Fork me on GitHub
Quentin Le Guennec20:12:55

I'm getting unexpected results from a core.logic expression:

(let [input  (mapv (partial mapv #(lvar % false))
                   '((0 1)
                     (0 1 2 3 4 5 6)
                     (0 1 2 3 4 5)
                     (0 1 2 3 4 5)
                     (0 1 2 3)
                     (0 1 2 3 4)
                     (0 1 2 3 4 5)
                     (0 1 2 3 4)
                     (0 1 2 3 4)
                     (0 1 2)))
      model [[:a :b :c :e :f :g]
             [:c :f]
             [:a :c :d :e :g]
             [:a :c :d :f :g]
             [:b :c :d :f]
             [:a :b :d :f :g]
             [:a :b :d :e :f :g]
             [:a :c :f]
             [:a :b :c :d :e :f :g]
             [:a :b :c :d :f :g]]]
  (->> (run* [q]
         (everyg (fn [s] (membero s model)) input)
         (== q input)) ))
I would like to solve: "For all values from 0 to 9 in input , what is the corresponding value from :ato :f ?" (e.g: (0 1) can only map to [:c :f] because it is the only length 2 collection.) Is that what I'm expressing as goals in run*? Or am I expressing something else?


its not a great problem for logic/relational programming, things defined in terms of counting are tricky

Quentin Le Guennec21:12:24

Are you sure? I think I'm pretty much using logic programming when I'm trying to solve it myself

Quentin Le Guennec21:12:53

what do you mean by counting exactly though?


you are defining the correspondence relation based on the count (the size, the length) of collections

Quentin Le Guennec22:12:40

Isn't it supposed to work with permuteo though? I updated it:

(run* [q]
         (everyg (fn [s]
                    (map (partial permuteo s)
         (== q input))
But still unsuccessful

Quentin Le Guennec22:12:00

I guess I'll try something else


if you define it in some way that isn't based on counting it will go much better


like say, all rows are the same length, but have some pattern of true, false


so if you replace all you vectors of letters with things like [false false true false false true false] which would correspond to [:c :f] because those positions are true


input in your example is just kind of bogus


I am not sure even what you are trying to do with it


there are reasons to call the lvar constructor with arguments, but basically you never need to

Quentin Le Guennec22:12:42

Well [0 1] => [:c :f], [0 1 2 3] => [:b :c :d :f] (permutable), because they uniquely got the same length.
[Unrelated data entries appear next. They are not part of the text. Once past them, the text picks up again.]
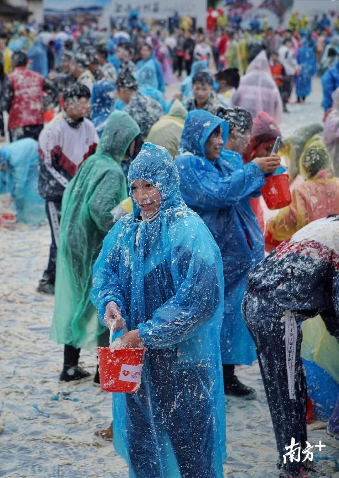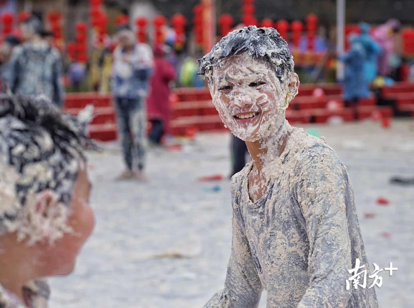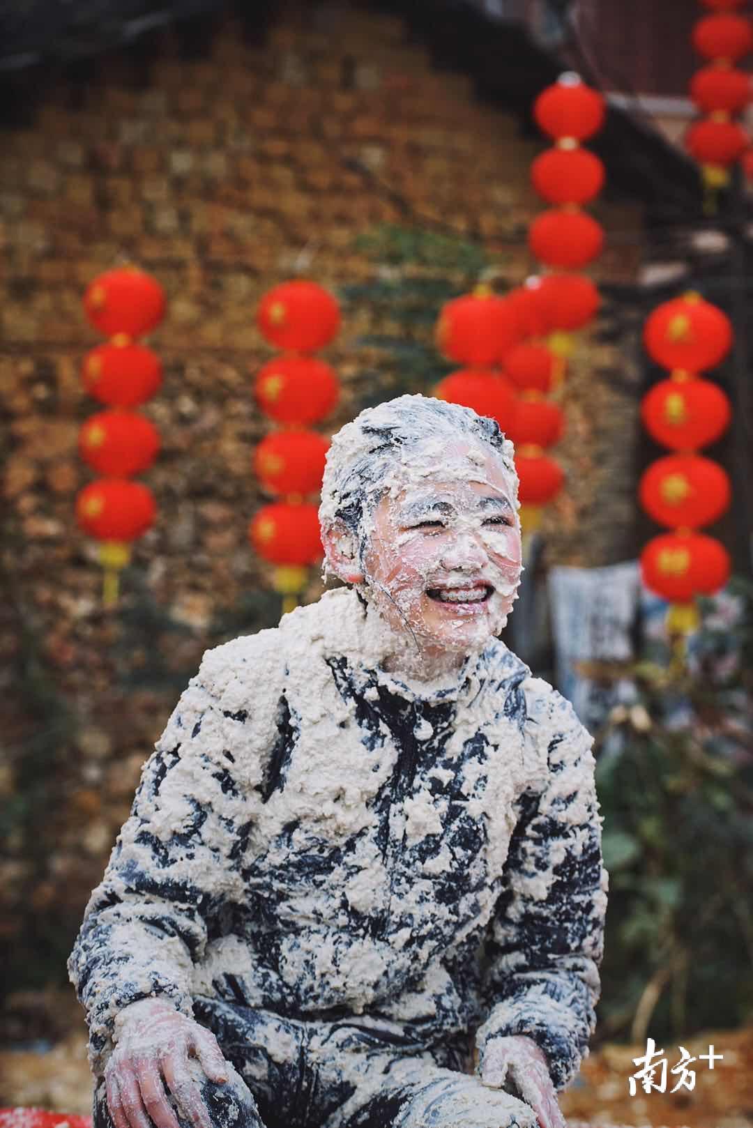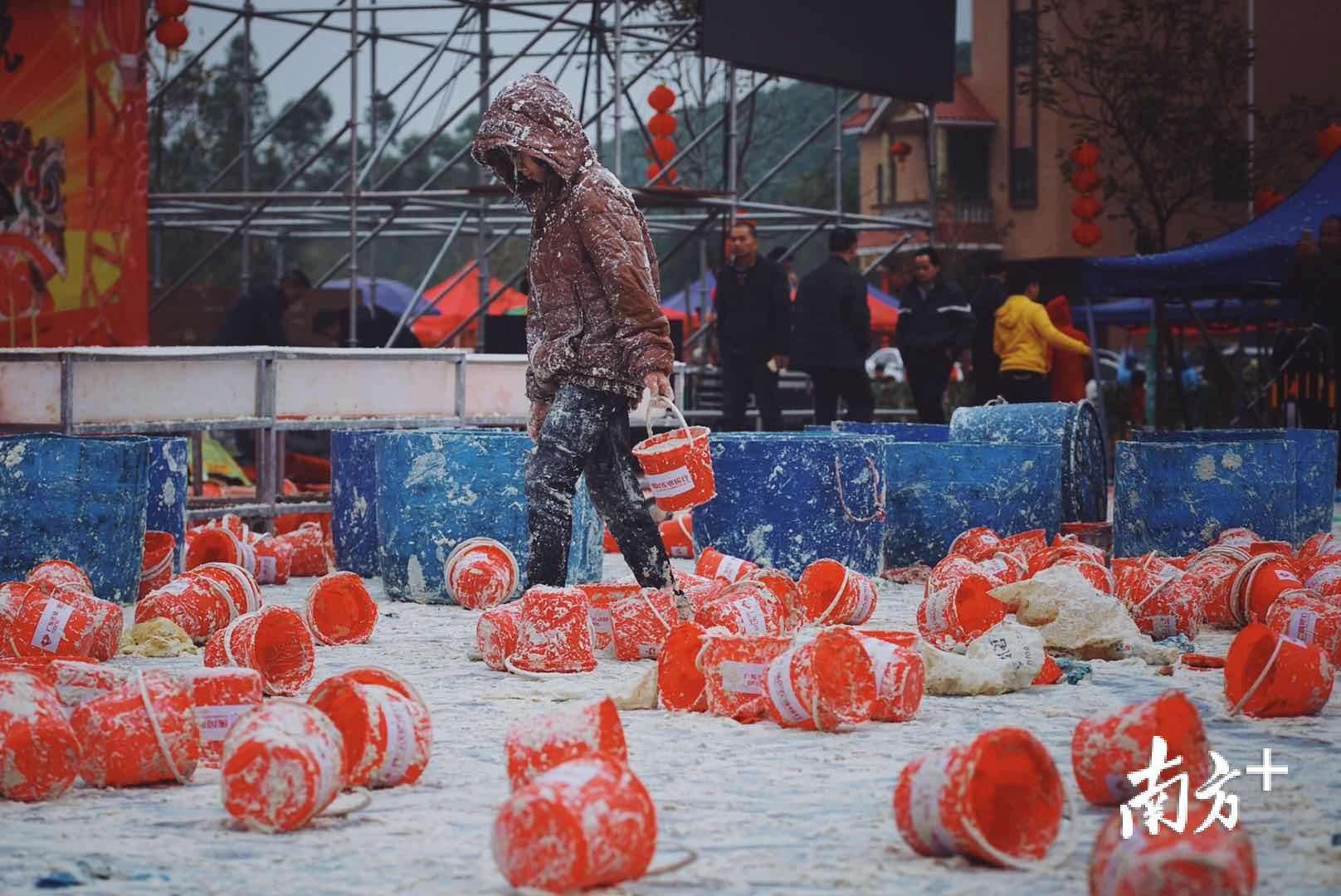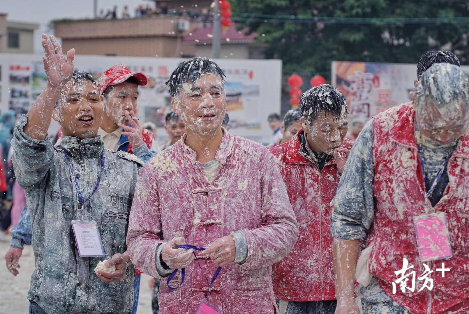 2月17日,万人相聚清远市佛冈县高岗镇社岗下村,以互掷豆腐的方式“兜福”狂欢。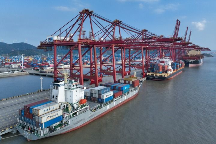 ??2025年10月13日,在寧波舟山港金塘港區(qū)大浦口集裝箱碼頭,船舶進行集裝箱裝卸作業(yè)(無人機照片)。新華社發(fā)(鄒訓永攝)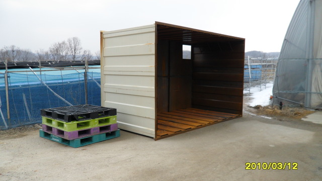 컨테이너박스형태의 왕겨탱크이며 왕겨가 바로 이 탱크안에 모이도록 하는 방식입니다.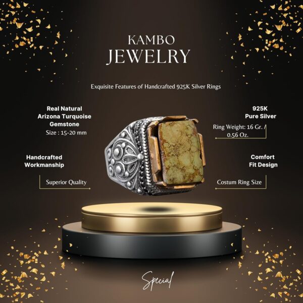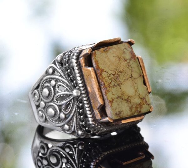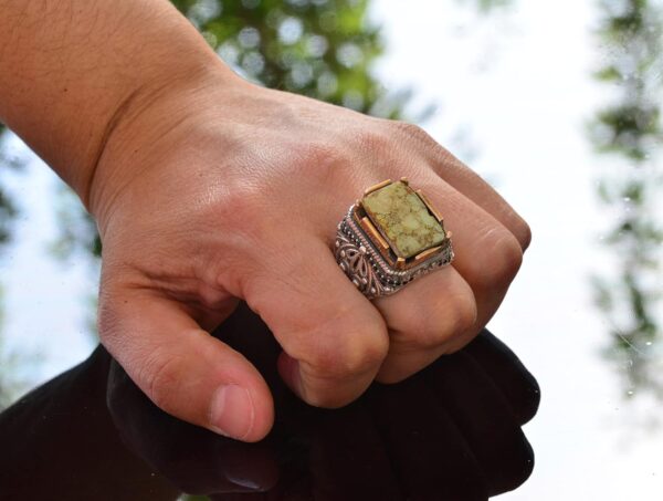 Doğal Yeşil Turkuaz Taş Yüzük Erkekler için, Gümüş Turkuaz Yüzük, 925 Ayar Gümüş Erkek Yüzüğü, Büyük Yüzük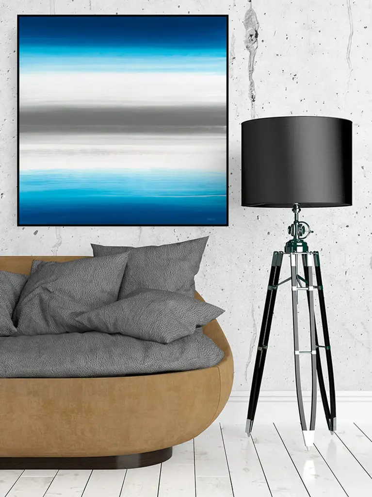 Your ready to hang artwork is printed on canvas then stretched and mounted to a 2-inch thick - hand stained black wood frame. Arrives at your door complete with an easy to use self-leveling hangking kit.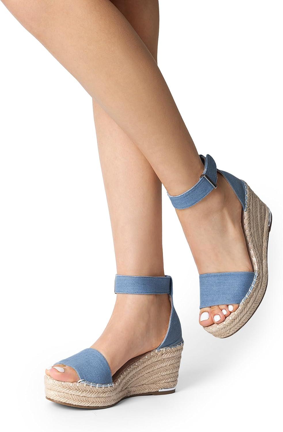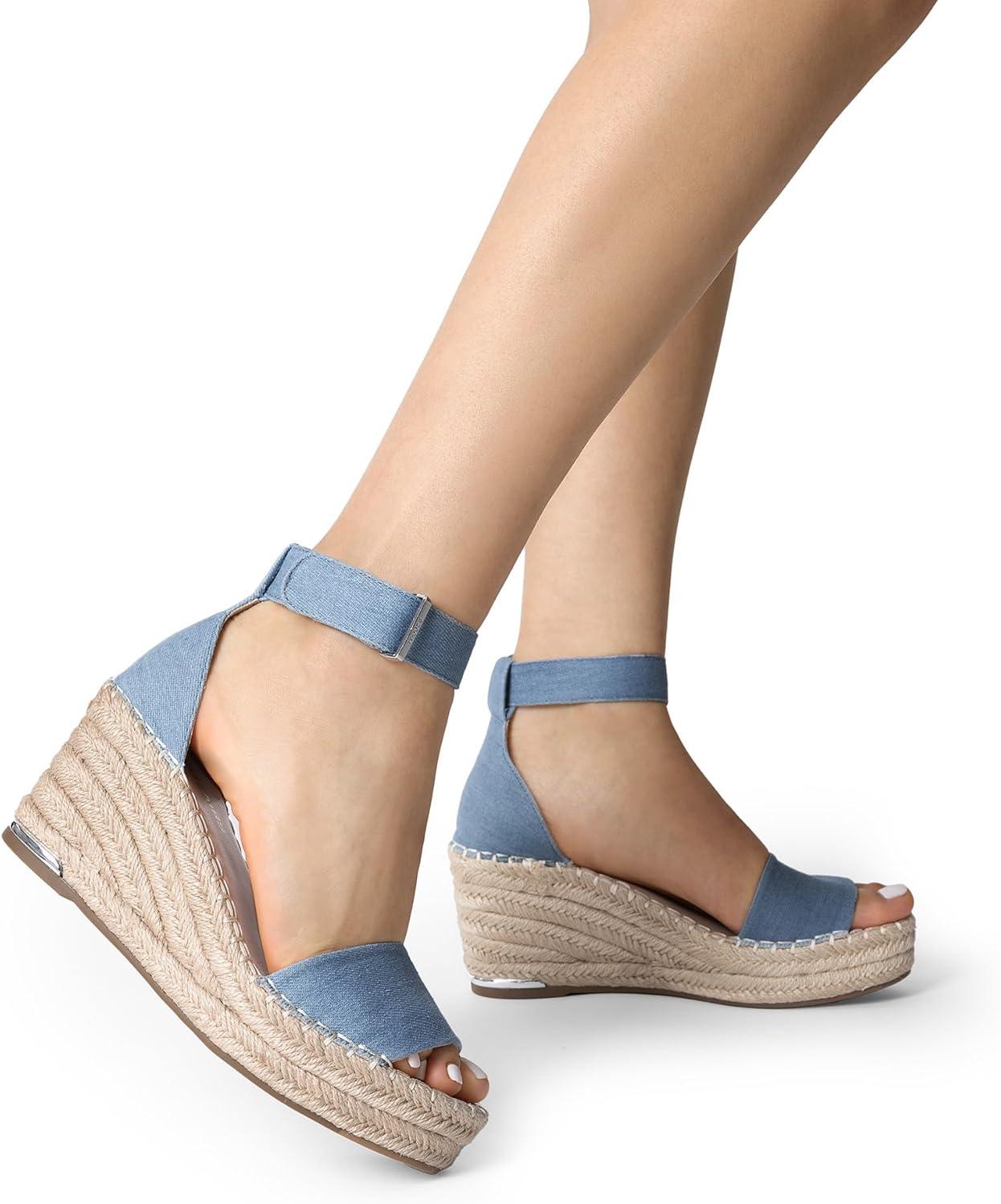 DREAM PAIRS Women’s Wedge Sandals Open Toe Espadrilles Sandals Comfortable Dressy Ankle Strap Platform Sandals Suitable for Work Beach Summer Shoes(Denim Blue)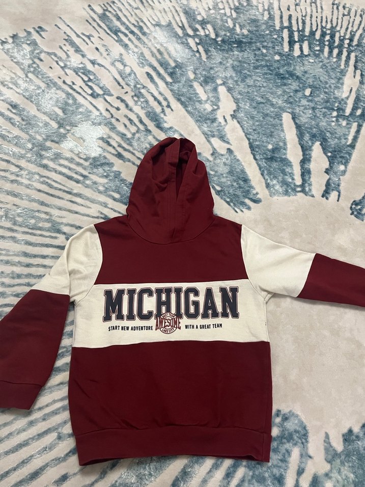 Bordo renkli, kapüşonlu ve uzun kollu bu sweatshirt, beyaz panelli Michigan baskısına sahiptir. Yumuşak, örgü görünümlü kumaştan günlük rahatlık ve sokak stili sunar.4/5 yaştır.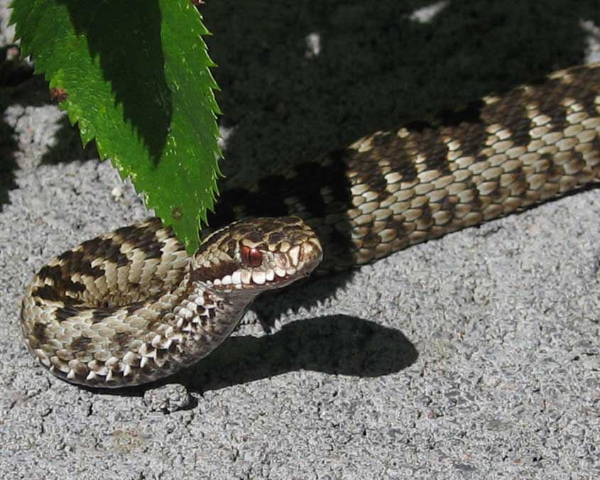 pihassa havaittu kyykäärme. Kyy syö sammakoita ja sisiliskoja, joten kohta ne taitavat vähentyä.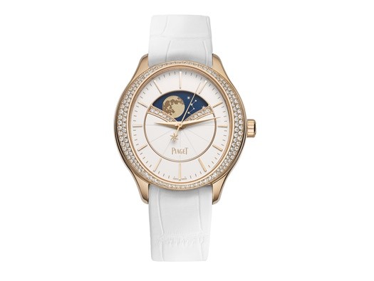 Limelight Stella將月亮的完美溫婉意象融會貫通,展現經典的伯爵風格。以無窮巧思演繹眾星拱月的主題,以含蓄的橢圓構圖嵌入圓形錶殼之中,呼應錶盤中心的設計。而設於12點鐘位置的月相在兩行美鑽相伴下隨行登場,在玲瓏的腕上穹蒼中,上演28天由盈到虧的循環戲碼。
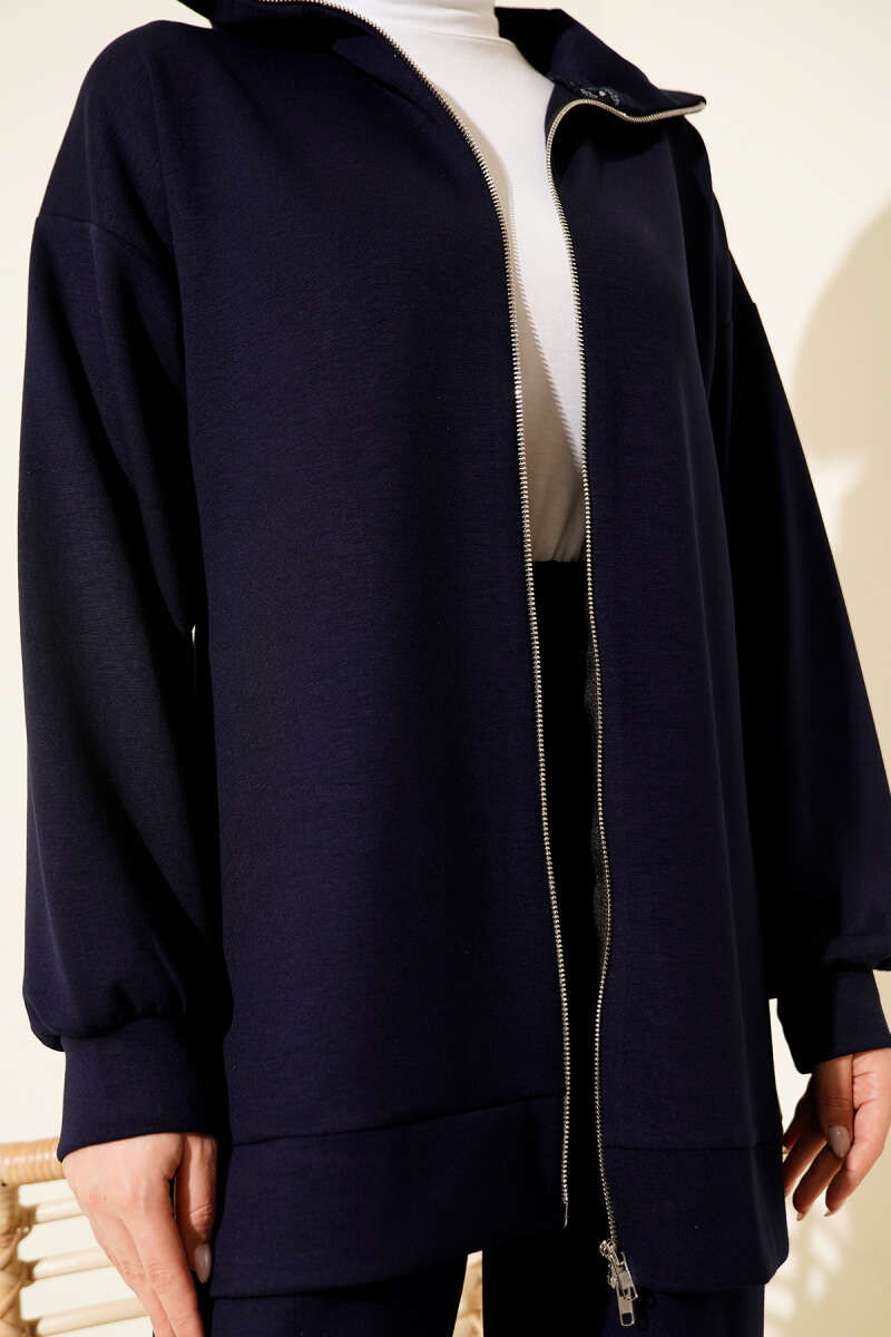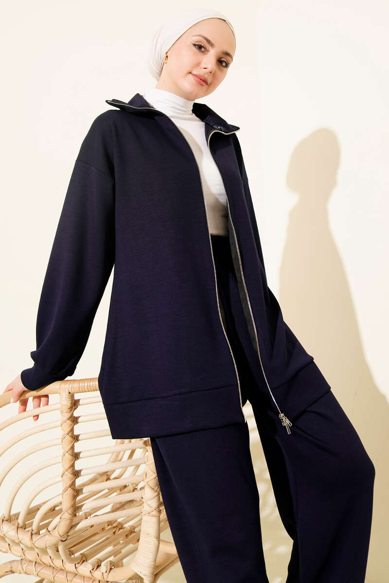 بدلة أيروبين من قطعتين مع كتاف وكارديجان طويل باللون النيلي

The rest should follow with the the numbers mapped to the letters.

Quentin Le Guennec22:12:09

Because 0 should be the same across all the input

Quentin Le Guennec22:12:41

0 in the first element of input should be the same than in the second

Quentin Le Guennec22:12:52

So from [0 1] => `[:c :f]` , we can deduce that (or (and 0 => c, 1=> f) (and 0 => f, 1 => c)


thats not how it works though, like, you are saying the vars are members of the lists, 2 vars can be members of 3 element list just as easy as they can be members of a 2 element list


and you have no kind of unique constraints


so 2 vars can be members of a 1 element list easily as well

Quentin Le Guennec22:12:32

I'm not sure I understand


if X and Y are members of L


if L is just (1) then X a and Y, absent other constraints, are both 1

Quentin Le Guennec22:12:35

Oh, that makes sense.

Quentin Le Guennec22:12:42

I think that's why I'm getting some kind of factorial of all possibilities as a result


but even then, if you can, it is best to avoid membero, because membero is at best a linear search in a list, so combinatorial is bad

Quentin Le Guennec22:12:54

I think that linear search is pretty much required by the problem itself


maybe, hard to tell from the code and description given


there is search through the space of all possibilities, then there is search through data structures for the right things to unify


like, the code you shared has no branching of the search tree, other then the recursive cases for membero


so outside the is this lvar the first, the second, the third, ..., etc member of this list, there are no branches


so its not like it is considering all the model or inputs as different searches or something

Quentin Le Guennec22:12:18

Do you think I should give up on core.logic? It's an advent of code exercise and I thought it was a nice way to learn core.logic


I dunno, there is definitely a significant hump to get over


core.logic is kind of a bare bones logic programming environment, so figuring out how to represent problems in a way that works can be tricky


and because core.logic is a dsl embedded in clojure, often the way to do things is with clojure as a meta/macro language for constructing core.logic programs, which is also tricky to get the hang of sometimes (see all the troubles people get into learning macros)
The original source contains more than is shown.